We searched for all studies that included the string ‘cola’ in the ‘funding text’ field, which indexes the entire funding acknowledgement section as reported in the published manuscript (see Fig. 1 and Appendix 1 for search strategy). This broad search strategy identified 779 articles, published between 2008 and June 2016, and included articles that acknowledged both direct funding and competing interests involving The Coca-Cola Company and all its subsidiaries. In addition, the broad search term ‘cola’ also yielded studies funded by other companies, such as ‘Pepsi-Cola’.
Fig. 1 PRISMA (Preferred Reporting Items for Systematic Reviews and Meta-Analyses) flow diagram for the present systematic review. This PRISMA diagram describes the study selection steps and identifies at what stage we arrived at analytical Samples 1 and 2. Seven hundred and seventy-nine records (i.e. publications) were retrieved from a search on the ‘funding text’ field in Web of Science for any mention of ‘Cola’. From these records, 318 were excluded for not meeting the screening criteria (i.e. the study acknowledging direct receipt of funding from Coca-Cola). After exclusion, we arrive at Sample 1, which contains all studies funded by the Coca-Cola brand. We subset from Sample 1 only those studies funded by The Coca-Cola Company, its affiliates in the USA and those subsidiaries that published transparency lists; this leads to the exclusion of seventy-two studies for not meeting the eligibility criteria, which gives us Sample 2
The questions set out above make an implicit separation between the research funding activities of The Coca-Cola Company and those of the Coca-Cola brand, which includes all subsidiaries and bottlers around the world. With this distinction in mind, we constructed two analytical samples.
The first sample is less restrictive, composed of all studies directly funded by any company or institute part of the Coca-Cola brand that were retrieved from our search. This sample is used to answer question 2 (‘How many studies and authors are funded by the Coca-Cola brand?’).
The second sample is a sub-sample of the first, focusing on those studies funded by The Coca-Cola Company and its philanthropic arms in North America, and by the subsidiaries and bottlers that participated in the ‘Transparency Initiative’. This sample is used to answer the remaining questions (1, 3 and 4).
Below, we describe all steps in the selection of the studies and in the creation of the two analytical samples.
The 779 studies produced by our search were screened for the inclusion of the string ‘Coca-Cola’ (or any possible variant, including affiliates of the main company, such as the Beverage Institute of Health and Wellness(
); see Appendix 1 for a list of all variants) as a funding agency.

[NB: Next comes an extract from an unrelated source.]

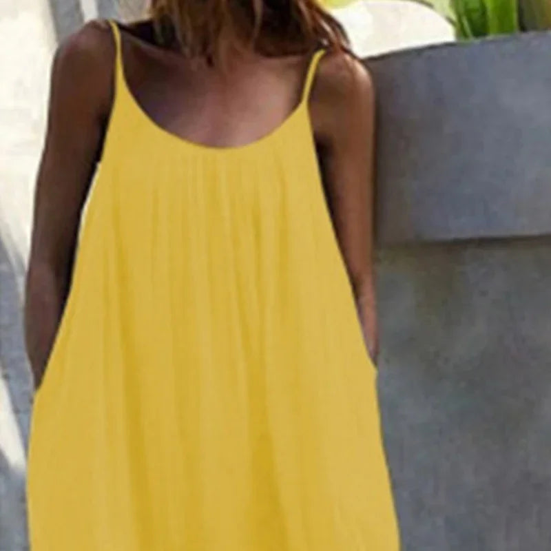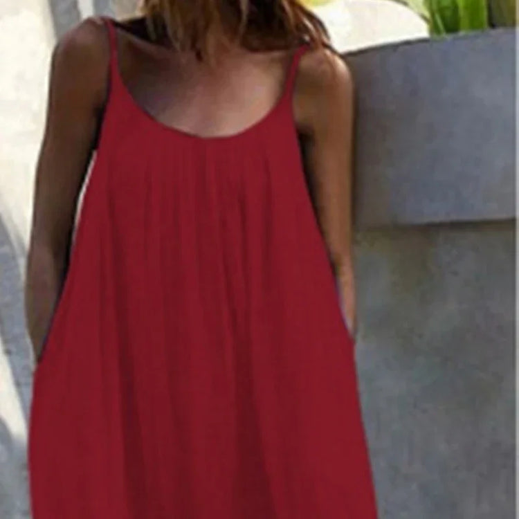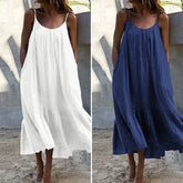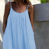 BKLD 2024 Summer Dress Beach Vacation Wear For Women Casual Sling Solid Color Sleeveless U-neck Loose Ruffles A-line Short Dress

The goal of the initial screening was to parse through the search results and only keep studies that report direct receipt of funding from The Coca-Cola Company or any affiliates (see Fig. 1).
This criterion thus excluded 318 studies. These were studies where: (i) the authors only declare a competing interest due to previous relationships with The Coca-Cola Company unrelated to research funding (e.g. speaking engagements or consultancy work); (ii) Coca-Cola’s involvement in the publication was indirect (e.g. via student grants); (iii) the authors acknowledge funding from another ‘cola’, such as ‘Pepsi-Cola’; and (iv) where the algorithm used by Web of Science mistakenly included Coca-Cola as a funding agency, when the funding acknowledgement section did not indicate direct funding by the company to that particular study (this was assessed by manually inspecting all funding statements).
To be eligible for our first sample, studies had to acknowledge funding from The Coca-Cola Company or any of its affiliates, including The Coca-Cola Foundation (TCCF, the philanthropic arm of the company), Coca-Cola North America, The Beverage Institute for Health and Wellness (an organization set up by The Coca-Cola Company to support nutrition research)(
) and Coca-Cola bottlers or subsidiaries outside the USA. This criterion comprises the totality of the Coca-Cola brand in our data and did not lead to the removal of any further studies. Sample 1 is therefore comprised of 461 studies.
In the second sample, we imposed stricter eligibility criteria to isolate those studies funded by The Coca-Cola Company and its affiliates in the USA, France, Germany, Spain, New Zealand and Australia, the only countries to release records of their research funding efforts in the form of transparency lists of funded scientific experts, which were released in late 2015 and early 2016 (see full lists in online supplementary material 1).
This criterion excluded seventy-two studies that were funded by subsidiaries or bottlers other than the ones listed above. Sample 2 is thus comprised of 389 studies.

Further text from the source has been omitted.